Beyond the theoretical implications, this study also has several implications for practice. Managers should be aware of and enhance the advantages of family influence in developing family social capital in family firms, paying particular attention to the essence and power of family firms. In this sense, managers should promote the family’s involvement in the firm as it conditions the transfer and accumulation of family resources in the firm, including family social capital as a key resource. Additionally, managers could encourage social capital derived resources to improve organizational effectiveness. In order to do so, they could establish the required mechanisms to encourage family members deployment of social skills, promoting a context that favors the quality of relationships among family members, and among these family members and the firm as a whole, with positive consequences to the organizational capability for environmental adaption of these firms. Furthermore, family firm managers should promote a context for multiple generations to strength their relationships and communication to avoid the undermining of social relationships and, especially, to avoid the emergence of potential conflicts between them. A business context based on emotional commitment and emotional attachment strengthens family social capital, and it is essential to unite family members towards a common goal and to limit the occurrence of the inevitable relationship conflicts in family firms as it would have negative consequences on the organizational effectiveness of these firms.

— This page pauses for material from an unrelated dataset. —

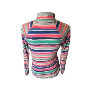 The Lilly Pulitzer Popover Jacket in Sandy Shell Stripe is a unique and stylish addition to any woman's wardrobe. Made from a comfortable cotton blend outer shell with a cotton lining, this pullover jacket features a colorful striped pattern that adds a fun and vibrant touch to any outfit. The size XXS ensures a perfect fit for those looking for a more tailored silhouette. The Lilly Pulitzer brand ensures quality and style, making this jacket a rare and sought-after piece for fashion-forward individuals.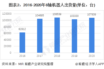 作為工業(yè)機(jī)器人主要產(chǎn)品的多關(guān)節(jié)機(jī)器人中,6軸機(jī)器人是其中的主要產(chǎn)品,2016-2020年6軸機(jī)器人的出貨量整體呈增長趨勢(shì),近年來變化較為穩(wěn)定,在2020年時(shí)出貨量達(dá)到107839臺(tái)。

In case of this not being possible, family firms should prune the tree in order to reduce the number of family shareholders. In such a way, family firms would eliminate the hindrances to social capital development through family influence, thus being effective in the adapting capability of the family firm to the environment through social relationships between family members.

Future research

Finally, our study also looks towards future lines of research. First, our study follows the theoretical model of Pearson et al. (2008) until the attainment of family firm capabilities. Therefore, future research may enrich our model by studying if these firm capabilities that emanates from family social capital help family firms to achieve competitive advantages and to increase their wealth and value creation. In addition, although we consider that social capital has several positive consequences, literature suggests that social capital may have its drawbacks (Nahapiet & Ghoshal, 1998), even in family firms (Herrero & Hughes, 2019) due to its potential restrictiveness and danger to the strategic behavior of the family business (Salvato & Melin, 2008). Future studies may thus examine the possible negative effects of family social capital on family firm performance or other non-economic outcomes, providing empirical evidence of the consequences of the dark side of family social capital. Furthermore, since the literature suggests that social capital and affective commitment are closely related in family firms (Chirico & Salvato, 2008), our research model could be extended by exploring other variables such as affective commitment. Family influence is also likely related to this affective commitment, and both affective commitment and family social capital might act together to improve organizational effectiveness or other family firm outcomes such as financial performance. Additionally, we introduce the effect of generational involvement on family social capital development and exploitation in terms of organizational effectiveness. However, future research may incorporate other moderating variables related to generations such as generational stage, that is, the generation that actually controls and manages the family firm (Cruz & Nordqvist, 2012; Eddleston et al., 2013; Kellermanns & Eddleston, 2006). Thus, scholars can explore if generational stage follows the dark side marked by the generational involvement, or, on the contrary, the effects of generational stage are positive when studying the antecedents and consequences of family social capital. Finally, although we have found a negative moderating influence of generational involvement on family social capital, it may have positive consequences in family firms by enacting other types of capital such as human capital (Blanco-Mazagatos et al., 2018) or financial capital (Blanco-Mazagatos et al., 2016).